Его возмутило, что молодой бакалавр подвергает сомнению офицерское сукно паренька, но он был бретонец, родился в деревне Пенгверн-Стереден, французский выучил с таким трудом, как если бы он был англичанином или немцем, и когда он волновался, то, чтобы выиграть время, повторял одно и то же раза два-три, пока искал нужные слова, а после этой подготовки демонстрировал свое красноречие, то есть повторял несколько слов, которые знал тверже других, но без спешки, старательно выговаривая каждый звук, поскольку произношение давалось ему с трудом.
— Значит, так себе сукно? — продолжал он с яростью, постепенно возраставшей по мере того, как он все больше воодушевлялся и говорил все медленнее. — Значит, так себе сукно? А я говорю тебе, это офицерское сукно, я же говорю тебе, значит я знаю, что я говорю, а как ты думал!
— Ладно, — сказал молодой бакалавр, сраженный этой аргументацией. — Не будем разводить турусы на колесах.
— Глянь, а вот как раз наш капиташа идет. Нет, ты только посмотри на Сен-Лу: как ноги вскидывает! а как голову держит! Нипочем не скажешь, что сержант! А монокль, эх, так и летает.

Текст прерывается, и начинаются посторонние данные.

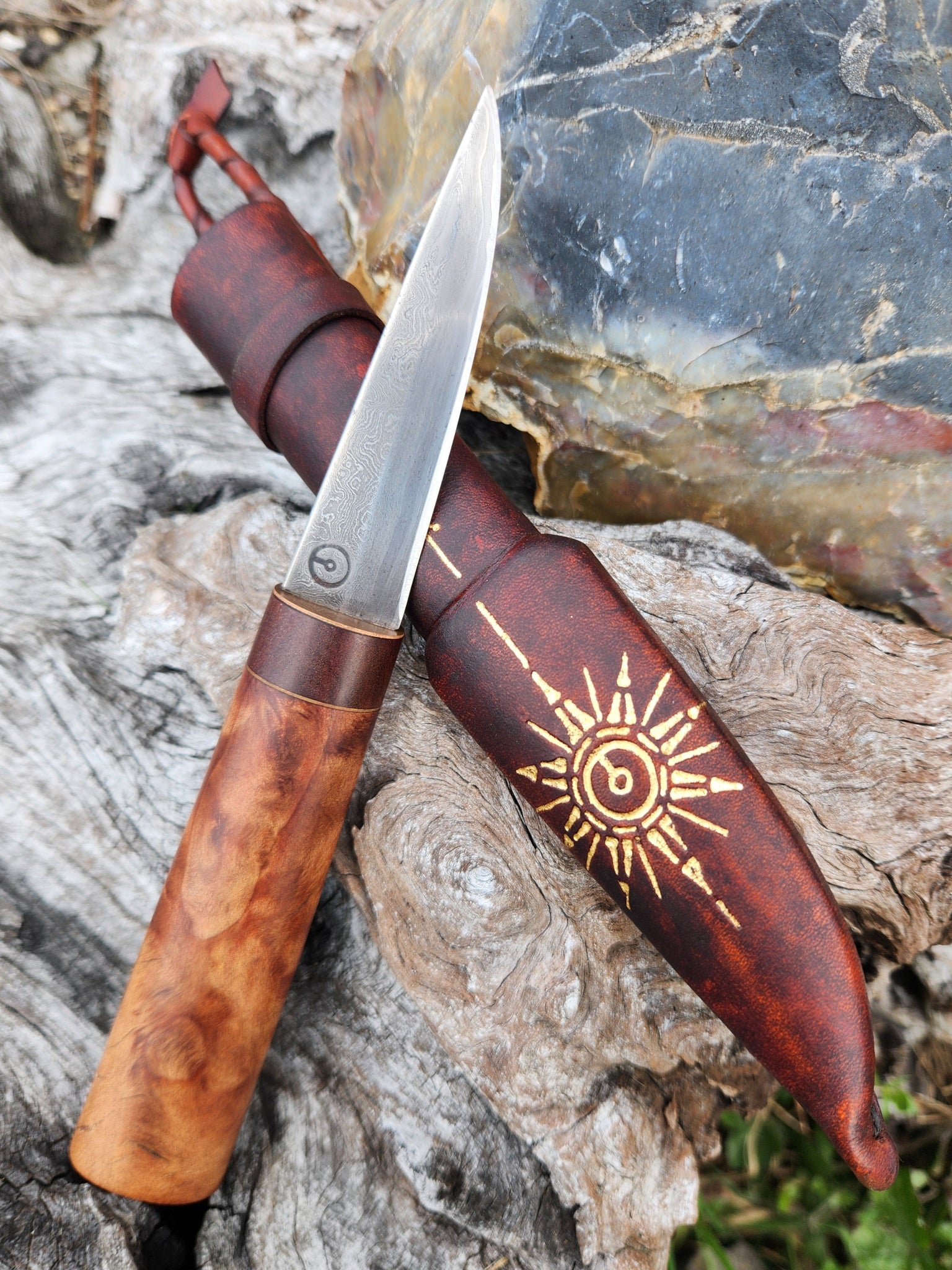 This truly one-of-a-kind piece is completed with a custom belt sheath handcrafted by Marisa from vegetable-tanned leather. Dyed a deep reddish-brown, it showcases a hand-embossed Northern Star motif elegantly accented with 24k gold leaf gilding for a refined, heirloom-quality finish.

Солдатам мое присутствие не мешало, и я попросил, чтобы мне тоже дали посмотреть из окна. Они не возражали, хоть и не потрудились уступить мне место. Я увидел, как, пустив лошадь рысью, величественно проследовал верхом капитан де Бородино — он, видимо, питал иллюзию, что участвует в сражении при Аустерлице. За решеткой казармы толпилась горстка прохожих, ждавших, когда полк выйдет из ворот. Принц держался на коне прямо, лицо немного заплывшее жирком, щеки по-императорски полные, глаза ясные; он, судя по всему, был в плену у некой галлюцинации, со мной с самим так бывало всякий раз, когда проезжал трамвай: в тишине, наступавшей после его грохота, я улавливал промельки и зигзаги зыбкой трепещущей музыки. Мне было очень жаль уезжать, не попрощавшись с Сен-Лу, но все-таки я уехал, потому что единственной моей заботой было вернуться к бабушке: до сих пор, когда я думал в этом городке, что там делает бабушка в одиночестве, я воображал ее такой же, как со мной — только без меня, и не представлял себе, как воздействует на нее это «без меня»; теперь нужно было как можно скорей избавиться в ее объятиях от этого фантома, о котором я до сих пор и не подозревал, фантома, вызванного ее голосом; это был образ бабушки, на самом деле разлученной со мной, смиренной, состарившейся (о чем я до сих пор никогда не догадывался), — вот она получает от меня письмо, сидя в пустой квартире, где я раньше уже представлял маму, когда уезжал в Бальбек.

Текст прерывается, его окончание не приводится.